One print ad reads, "If they had a super bowl for science and technology, we'd win that, too." Another: "Of course, we're a forward-looking city. We've been saying 'Wait 'till next year' every year since 1918."

The campaign was conceived last winter, convention leaders say, as part of a bid to get locals involved in a convention that most won't attend. Its goal is to draw area residents to "Celebrate Boston," a month of cultural events, scattered through the neighborhoods, that will start Sunday.

When Arnold executives proposed a message -- make it funny -- some organizers were surprised, said host committee member Chris Gabrieli. "We'd been thinking about the message in a very sincere, earnest, arguably pedantic mode," Gabrieli said.
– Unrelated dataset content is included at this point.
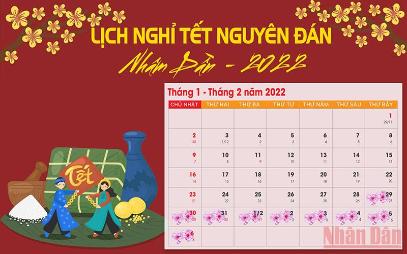 Lịch nghỉ Tết Nguyên đán Nhâm Dần 2022 với cán bộ, công chức - viên chức: Gồm 9 ngày, từ 29/1 đến 6/2.

Irony notwithstanding, organizers said the process had far fewer bumps than a lot of Boston roads. Arnold donated about $500,000 worth of time to devise the campaign, after another local agency, Hill, Holliday, Connors, Cosmopulos Inc., did some pro-bono branding research. Local media donated space for free. The ads will appear on Internet sites and MBTA trains.

At Mayor Thomas M. Menino's request, former Celtics great Bill Russell agreed to record a radio spot that makes reference to Boston's racial history. When he played for a championship team, "there was very little else for minorities to celebrate in this predominantly white city," the script goes. "But Boston's come a long way since then."